Phew, that's a weight off my mind.

Now that I have cleaned my hands of nothing more than sweaty embarrassment the toilet attendant steps between me and the electric hand drier mounted on the wall opposite. “Don’t use that, use these” the attendant suggests with a knowing smile as he offers a wad of napkins. “You know those machines never dry your hands completely. You’ll only walk out the toilet wiping your wrists on your jeans, so try my nice clean napkins. You won’t be disappointed.” By now the attendant has become fully integrated into my toilet routine and I find it hard not to look at the napkins. “I don’t want your stupid napkins”, I shout with my eyes. “Just get out my way and let me use the hand drier in peace. I know those things never work, though those new Dyson jobs do come quite close. But yours isn’t a Dyson. Hmmm, doesn’t matter. Step aside and let me use it, please.”

Depending upon my mood I’ll either mutter something under my breath and push past the attendant, crushing his well-worn, accomodating smile as he realises I’m nothing but another bolshie client who doesn’t appreciate the effort he has gone to to make my toilet experience more comfortable, or I’ll accept the napkins and begrudgingly dry my hands with them. By doing this the toilet attendant has won. He is now in the perfect position to guide me towards the exit, half standing in my way to hint that he would like some recompense for his efforts.

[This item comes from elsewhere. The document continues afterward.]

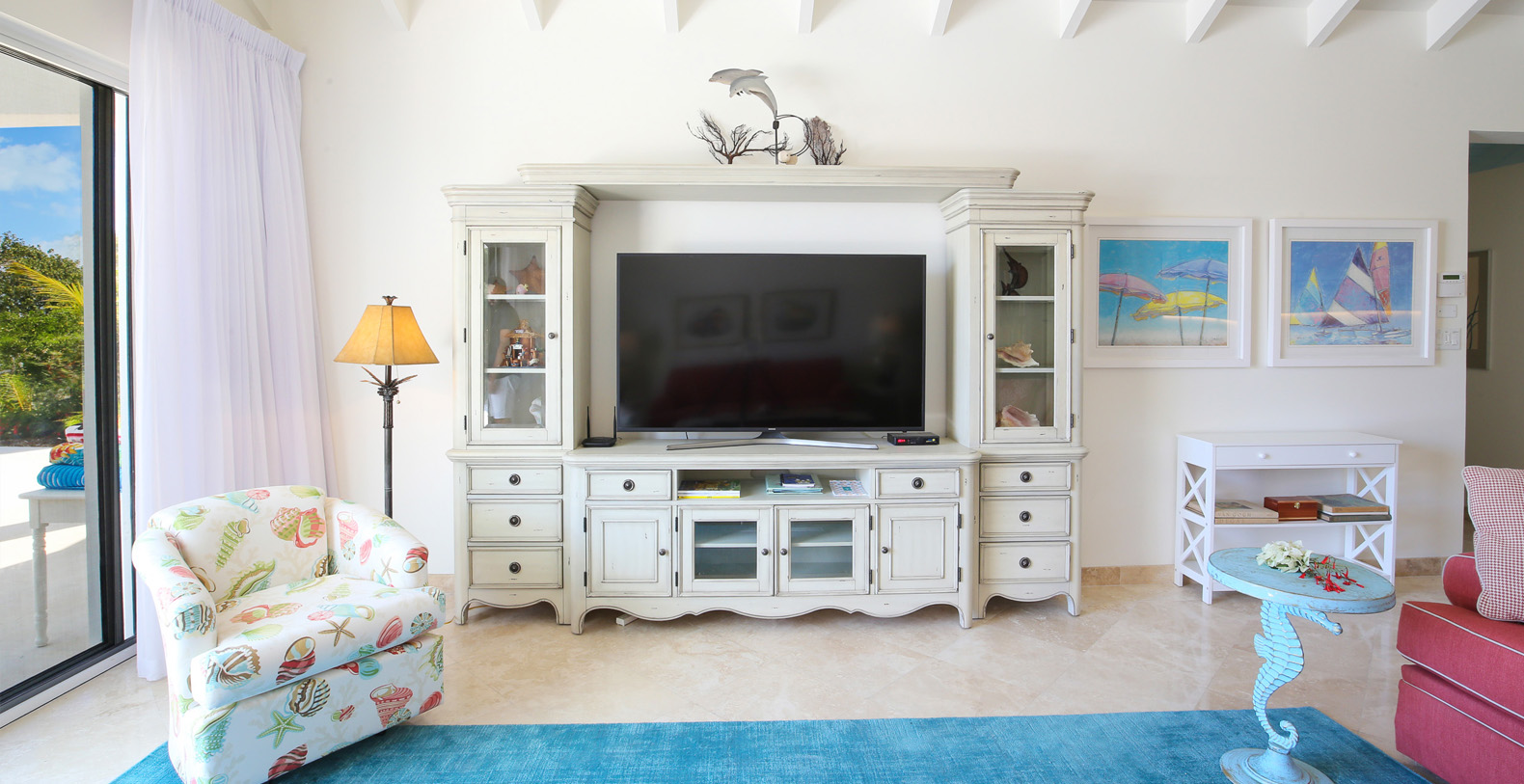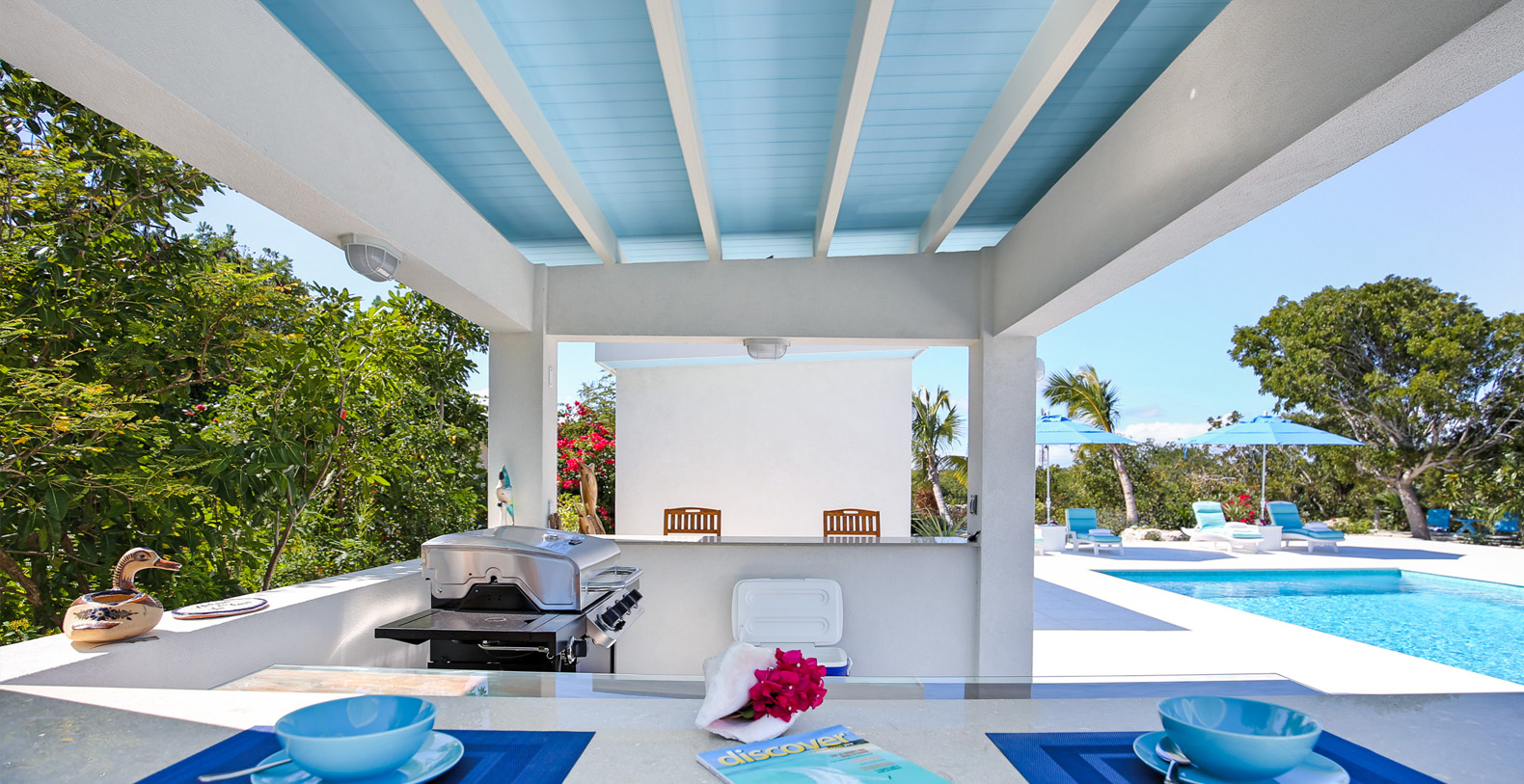 You’ll love getting creative with local seafood and high-end appliances. Interior living spaces feature a color palette, reflecting the tropical brilliance of Turks and Caicos. The open concept floor plan integrates seamlessly from indoor to outdoor living courtesy of sliding glass hurricane windows. Relax in the living room’s cozy turquoise lounge set or feast at an elegant dining table that seats 6. The fully-equipped kitchen is a chef’s dream.

But as I wade my way through bits of soggy loo paper, dodge leaking urinals or twist my back on a broken toilet seat, don’t ever stand there and give me those puppy-dog eyes as I refuse to tip you for helping me with something that I am perfectly capable of, nay, more comfortable doing myself. I’m not five, I’m a grown-up. Let me wee in peace.

I think the only time I have ever given a toilet attendant money was when I visited a five-star hotel in the West End. I not only received soap and napkins, but also cologne, something for the weekend, a massage, my shoes cleaned and my trousers pressed all at the same time. Going to the loo was a pleasurable experience, akin to a comfortable evening in an oak-panelled gentleman’s club. All that was missing was the glass of port, a copy of the FT and a red leather armchair by an open fire. That kind of toilet experience I don’t mind paying for.

The Garrick Club toilets. A proper loo you don't mind tipping for

If you like our content and would like to support us, we will give you ad-free access to our videos before they go live to the public, discounts in our shop, access to Jamie’s iconic full-res photographs, and supporter-only blog posts. Click our ugly mugs for more info!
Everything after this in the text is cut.